■ **Exercise requirements**
A verbatim reproduction of the lines below, from the line containing "This 1985 release" through the line containing "Mayfield Premium Machine", both ends included, is the whole required output.

■ **Data excerpts**
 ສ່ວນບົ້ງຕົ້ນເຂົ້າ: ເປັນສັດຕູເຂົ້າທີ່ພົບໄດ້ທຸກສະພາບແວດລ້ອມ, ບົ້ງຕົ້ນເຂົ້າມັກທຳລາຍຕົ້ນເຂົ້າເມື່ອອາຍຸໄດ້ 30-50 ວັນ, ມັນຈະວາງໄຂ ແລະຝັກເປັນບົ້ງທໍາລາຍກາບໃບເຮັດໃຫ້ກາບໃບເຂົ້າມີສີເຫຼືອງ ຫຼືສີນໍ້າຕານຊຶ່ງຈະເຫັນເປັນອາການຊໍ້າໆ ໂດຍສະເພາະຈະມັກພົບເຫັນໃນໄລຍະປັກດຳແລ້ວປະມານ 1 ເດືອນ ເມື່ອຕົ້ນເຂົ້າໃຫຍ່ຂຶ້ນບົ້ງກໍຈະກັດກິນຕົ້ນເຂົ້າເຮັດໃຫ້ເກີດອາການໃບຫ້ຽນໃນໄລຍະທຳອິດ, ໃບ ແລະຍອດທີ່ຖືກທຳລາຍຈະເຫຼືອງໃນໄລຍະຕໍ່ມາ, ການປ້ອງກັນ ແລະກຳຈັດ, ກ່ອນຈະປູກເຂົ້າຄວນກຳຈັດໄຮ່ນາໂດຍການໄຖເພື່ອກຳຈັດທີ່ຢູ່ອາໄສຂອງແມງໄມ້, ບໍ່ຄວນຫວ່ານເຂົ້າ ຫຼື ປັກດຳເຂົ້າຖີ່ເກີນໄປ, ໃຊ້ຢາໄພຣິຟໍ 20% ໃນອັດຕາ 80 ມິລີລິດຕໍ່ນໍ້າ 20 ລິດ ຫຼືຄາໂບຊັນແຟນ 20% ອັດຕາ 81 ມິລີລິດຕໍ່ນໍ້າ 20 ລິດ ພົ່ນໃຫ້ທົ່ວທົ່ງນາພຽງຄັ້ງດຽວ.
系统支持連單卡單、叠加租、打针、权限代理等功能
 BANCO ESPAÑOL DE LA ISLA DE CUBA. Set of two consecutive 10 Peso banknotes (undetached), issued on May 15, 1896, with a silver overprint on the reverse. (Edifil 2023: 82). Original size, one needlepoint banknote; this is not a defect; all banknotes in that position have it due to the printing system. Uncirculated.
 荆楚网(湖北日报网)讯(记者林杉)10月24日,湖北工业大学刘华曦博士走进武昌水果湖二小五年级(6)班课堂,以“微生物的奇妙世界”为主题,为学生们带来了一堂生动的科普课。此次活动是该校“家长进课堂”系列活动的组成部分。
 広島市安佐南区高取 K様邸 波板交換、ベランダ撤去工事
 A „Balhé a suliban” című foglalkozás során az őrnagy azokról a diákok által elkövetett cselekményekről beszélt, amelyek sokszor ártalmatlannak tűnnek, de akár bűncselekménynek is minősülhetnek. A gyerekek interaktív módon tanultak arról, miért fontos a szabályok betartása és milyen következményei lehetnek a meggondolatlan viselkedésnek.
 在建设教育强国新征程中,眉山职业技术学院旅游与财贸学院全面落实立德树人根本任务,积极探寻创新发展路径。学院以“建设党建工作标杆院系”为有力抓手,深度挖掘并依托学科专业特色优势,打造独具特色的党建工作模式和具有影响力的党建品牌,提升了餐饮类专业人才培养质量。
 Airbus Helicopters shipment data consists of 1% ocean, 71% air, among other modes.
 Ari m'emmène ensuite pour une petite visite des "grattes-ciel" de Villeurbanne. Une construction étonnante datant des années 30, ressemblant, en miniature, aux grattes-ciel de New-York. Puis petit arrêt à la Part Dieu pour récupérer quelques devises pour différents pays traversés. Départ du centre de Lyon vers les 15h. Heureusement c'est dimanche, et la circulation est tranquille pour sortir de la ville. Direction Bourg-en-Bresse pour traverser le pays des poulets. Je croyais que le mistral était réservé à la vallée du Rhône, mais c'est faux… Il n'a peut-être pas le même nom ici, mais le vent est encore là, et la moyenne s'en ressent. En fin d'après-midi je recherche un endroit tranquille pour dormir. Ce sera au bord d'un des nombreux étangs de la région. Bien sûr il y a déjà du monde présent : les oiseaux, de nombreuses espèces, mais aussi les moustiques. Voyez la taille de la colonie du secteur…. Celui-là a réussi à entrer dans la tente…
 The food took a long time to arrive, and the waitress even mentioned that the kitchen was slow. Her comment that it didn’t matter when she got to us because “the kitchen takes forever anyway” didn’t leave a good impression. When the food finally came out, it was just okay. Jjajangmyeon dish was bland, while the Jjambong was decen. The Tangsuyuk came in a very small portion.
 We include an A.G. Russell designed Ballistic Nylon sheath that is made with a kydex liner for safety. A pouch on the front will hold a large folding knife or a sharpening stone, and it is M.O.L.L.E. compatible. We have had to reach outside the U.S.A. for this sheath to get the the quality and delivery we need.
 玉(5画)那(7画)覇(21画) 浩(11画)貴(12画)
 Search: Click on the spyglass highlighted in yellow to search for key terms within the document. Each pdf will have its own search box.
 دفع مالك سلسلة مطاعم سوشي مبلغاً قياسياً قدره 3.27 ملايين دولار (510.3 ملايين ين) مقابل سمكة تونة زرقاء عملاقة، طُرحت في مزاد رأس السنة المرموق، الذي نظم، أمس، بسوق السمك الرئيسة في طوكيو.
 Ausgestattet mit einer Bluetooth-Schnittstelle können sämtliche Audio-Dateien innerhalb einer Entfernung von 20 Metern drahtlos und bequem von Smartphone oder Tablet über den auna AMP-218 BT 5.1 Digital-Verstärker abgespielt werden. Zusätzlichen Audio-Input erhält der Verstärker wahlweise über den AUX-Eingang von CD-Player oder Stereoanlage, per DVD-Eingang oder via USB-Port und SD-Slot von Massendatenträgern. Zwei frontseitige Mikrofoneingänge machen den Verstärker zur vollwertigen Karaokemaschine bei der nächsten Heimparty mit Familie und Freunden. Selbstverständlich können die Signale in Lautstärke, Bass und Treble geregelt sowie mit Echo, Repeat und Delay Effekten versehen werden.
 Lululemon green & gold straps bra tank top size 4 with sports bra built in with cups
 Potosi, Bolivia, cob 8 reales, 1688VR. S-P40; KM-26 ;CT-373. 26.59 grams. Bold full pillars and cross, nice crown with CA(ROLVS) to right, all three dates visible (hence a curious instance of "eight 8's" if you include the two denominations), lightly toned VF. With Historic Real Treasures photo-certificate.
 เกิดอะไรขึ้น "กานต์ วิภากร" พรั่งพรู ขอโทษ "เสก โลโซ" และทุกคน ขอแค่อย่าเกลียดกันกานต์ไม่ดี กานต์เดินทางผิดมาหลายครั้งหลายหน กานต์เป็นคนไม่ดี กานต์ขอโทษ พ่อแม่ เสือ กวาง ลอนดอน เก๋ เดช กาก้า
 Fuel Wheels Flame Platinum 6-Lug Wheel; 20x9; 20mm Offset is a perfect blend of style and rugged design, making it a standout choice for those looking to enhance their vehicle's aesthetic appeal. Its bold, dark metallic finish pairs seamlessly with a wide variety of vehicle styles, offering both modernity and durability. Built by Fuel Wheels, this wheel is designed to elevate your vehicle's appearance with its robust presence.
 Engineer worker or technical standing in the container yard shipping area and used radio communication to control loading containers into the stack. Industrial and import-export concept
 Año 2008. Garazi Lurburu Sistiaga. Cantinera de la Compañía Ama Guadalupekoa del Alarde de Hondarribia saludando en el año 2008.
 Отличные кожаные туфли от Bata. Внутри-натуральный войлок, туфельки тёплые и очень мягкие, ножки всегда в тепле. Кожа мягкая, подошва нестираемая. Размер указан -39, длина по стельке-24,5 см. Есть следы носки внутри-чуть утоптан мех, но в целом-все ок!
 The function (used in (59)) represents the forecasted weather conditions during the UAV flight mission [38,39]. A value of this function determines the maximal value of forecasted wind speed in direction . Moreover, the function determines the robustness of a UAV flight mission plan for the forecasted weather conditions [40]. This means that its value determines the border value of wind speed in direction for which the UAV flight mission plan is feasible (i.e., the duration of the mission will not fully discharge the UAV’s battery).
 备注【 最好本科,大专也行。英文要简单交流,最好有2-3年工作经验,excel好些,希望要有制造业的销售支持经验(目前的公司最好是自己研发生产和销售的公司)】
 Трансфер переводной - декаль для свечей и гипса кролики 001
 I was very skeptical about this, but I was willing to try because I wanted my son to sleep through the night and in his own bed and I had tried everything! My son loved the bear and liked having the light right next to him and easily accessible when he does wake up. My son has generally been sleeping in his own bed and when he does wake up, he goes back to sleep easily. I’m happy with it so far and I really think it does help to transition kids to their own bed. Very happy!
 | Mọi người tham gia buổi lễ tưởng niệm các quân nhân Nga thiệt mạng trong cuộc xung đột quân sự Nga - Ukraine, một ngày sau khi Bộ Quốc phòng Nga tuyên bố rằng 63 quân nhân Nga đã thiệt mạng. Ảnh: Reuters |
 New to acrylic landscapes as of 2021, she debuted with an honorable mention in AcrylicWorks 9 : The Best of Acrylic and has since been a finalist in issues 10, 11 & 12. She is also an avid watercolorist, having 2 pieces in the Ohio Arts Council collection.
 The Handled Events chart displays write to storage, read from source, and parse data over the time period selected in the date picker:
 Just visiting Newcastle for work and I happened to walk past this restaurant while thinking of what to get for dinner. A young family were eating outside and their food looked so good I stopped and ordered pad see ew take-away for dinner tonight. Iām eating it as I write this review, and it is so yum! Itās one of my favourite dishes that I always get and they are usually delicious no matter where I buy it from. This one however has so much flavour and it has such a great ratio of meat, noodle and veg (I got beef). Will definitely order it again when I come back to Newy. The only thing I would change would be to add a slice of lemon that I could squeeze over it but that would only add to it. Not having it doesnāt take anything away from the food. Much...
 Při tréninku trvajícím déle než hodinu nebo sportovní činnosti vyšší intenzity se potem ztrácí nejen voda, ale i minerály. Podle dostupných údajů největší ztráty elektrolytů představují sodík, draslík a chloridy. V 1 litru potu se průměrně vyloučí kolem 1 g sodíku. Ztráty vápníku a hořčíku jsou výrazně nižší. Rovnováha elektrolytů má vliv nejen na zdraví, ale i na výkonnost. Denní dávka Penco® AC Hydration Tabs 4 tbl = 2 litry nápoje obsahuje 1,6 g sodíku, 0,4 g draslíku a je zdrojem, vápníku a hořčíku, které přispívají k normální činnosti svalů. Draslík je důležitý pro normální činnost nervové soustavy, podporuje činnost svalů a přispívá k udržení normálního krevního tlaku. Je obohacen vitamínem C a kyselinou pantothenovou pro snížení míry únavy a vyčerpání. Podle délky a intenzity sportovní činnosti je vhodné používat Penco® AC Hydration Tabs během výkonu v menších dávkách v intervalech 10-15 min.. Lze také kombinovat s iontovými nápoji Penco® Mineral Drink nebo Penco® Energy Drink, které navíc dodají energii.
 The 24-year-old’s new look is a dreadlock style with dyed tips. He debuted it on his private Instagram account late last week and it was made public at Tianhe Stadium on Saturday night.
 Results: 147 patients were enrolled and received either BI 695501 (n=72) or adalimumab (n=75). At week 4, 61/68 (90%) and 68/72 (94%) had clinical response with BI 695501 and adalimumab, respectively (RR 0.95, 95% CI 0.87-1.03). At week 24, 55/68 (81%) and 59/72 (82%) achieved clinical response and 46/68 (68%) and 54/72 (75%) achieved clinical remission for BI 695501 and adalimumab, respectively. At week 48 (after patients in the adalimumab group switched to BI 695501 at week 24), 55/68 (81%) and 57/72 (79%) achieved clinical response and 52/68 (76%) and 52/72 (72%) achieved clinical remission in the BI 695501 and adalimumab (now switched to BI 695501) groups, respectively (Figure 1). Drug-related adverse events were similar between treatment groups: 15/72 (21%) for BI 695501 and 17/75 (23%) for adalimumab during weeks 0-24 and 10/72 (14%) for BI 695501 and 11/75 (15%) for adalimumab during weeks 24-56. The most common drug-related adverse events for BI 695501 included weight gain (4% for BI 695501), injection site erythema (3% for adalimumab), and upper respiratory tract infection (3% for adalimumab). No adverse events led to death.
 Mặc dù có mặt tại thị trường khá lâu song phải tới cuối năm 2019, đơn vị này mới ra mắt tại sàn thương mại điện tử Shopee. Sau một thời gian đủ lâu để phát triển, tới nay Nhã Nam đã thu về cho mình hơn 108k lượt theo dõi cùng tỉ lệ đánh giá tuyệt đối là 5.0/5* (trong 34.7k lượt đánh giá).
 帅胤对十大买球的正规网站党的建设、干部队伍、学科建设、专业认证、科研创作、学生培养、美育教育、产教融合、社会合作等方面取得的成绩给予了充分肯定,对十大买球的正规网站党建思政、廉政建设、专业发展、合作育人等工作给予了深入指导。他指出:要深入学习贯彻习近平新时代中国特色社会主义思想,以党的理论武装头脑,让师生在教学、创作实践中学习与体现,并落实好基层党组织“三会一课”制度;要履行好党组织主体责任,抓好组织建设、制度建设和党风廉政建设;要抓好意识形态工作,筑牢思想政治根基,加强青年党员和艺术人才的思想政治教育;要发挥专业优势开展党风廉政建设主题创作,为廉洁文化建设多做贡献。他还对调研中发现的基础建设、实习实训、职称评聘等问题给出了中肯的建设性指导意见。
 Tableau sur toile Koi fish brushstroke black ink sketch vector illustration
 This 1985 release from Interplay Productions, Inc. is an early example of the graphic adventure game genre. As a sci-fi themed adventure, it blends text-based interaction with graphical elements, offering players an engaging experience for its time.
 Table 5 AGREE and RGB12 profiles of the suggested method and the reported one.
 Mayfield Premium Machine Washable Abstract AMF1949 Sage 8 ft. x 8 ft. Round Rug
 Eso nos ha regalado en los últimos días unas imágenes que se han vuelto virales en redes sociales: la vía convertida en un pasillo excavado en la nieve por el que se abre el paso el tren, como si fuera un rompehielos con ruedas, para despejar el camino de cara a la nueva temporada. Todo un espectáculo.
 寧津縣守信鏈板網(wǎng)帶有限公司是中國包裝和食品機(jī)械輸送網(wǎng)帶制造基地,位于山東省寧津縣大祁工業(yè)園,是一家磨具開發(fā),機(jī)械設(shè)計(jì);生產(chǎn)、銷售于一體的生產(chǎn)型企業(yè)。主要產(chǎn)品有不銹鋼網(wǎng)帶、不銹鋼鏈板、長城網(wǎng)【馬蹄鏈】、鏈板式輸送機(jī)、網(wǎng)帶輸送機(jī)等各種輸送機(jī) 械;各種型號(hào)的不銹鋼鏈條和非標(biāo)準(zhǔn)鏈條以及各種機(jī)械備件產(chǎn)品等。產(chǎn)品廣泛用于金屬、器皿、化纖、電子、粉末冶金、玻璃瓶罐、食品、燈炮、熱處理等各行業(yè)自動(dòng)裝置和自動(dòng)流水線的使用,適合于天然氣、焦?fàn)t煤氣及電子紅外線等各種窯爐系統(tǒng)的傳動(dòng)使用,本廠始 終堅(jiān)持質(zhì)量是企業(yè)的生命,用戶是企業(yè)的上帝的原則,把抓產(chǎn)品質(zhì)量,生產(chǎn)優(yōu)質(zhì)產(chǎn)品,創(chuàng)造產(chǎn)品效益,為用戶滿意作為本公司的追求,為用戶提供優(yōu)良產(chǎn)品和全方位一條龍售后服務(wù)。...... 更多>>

■ **Your solution**
 This 1985 release from Interplay Productions, Inc. is an early example of the graphic adventure game genre. As a sci-fi themed adventure, it blends text-based interaction with graphical elements, offering players an engaging experience for its time.
 Table 5 AGREE and RGB12 profiles of the suggested method and the reported one.
 Mayfield Premium Machine Washable Abstract AMF1949 Sage 8 ft. x 8 ft. Round Rug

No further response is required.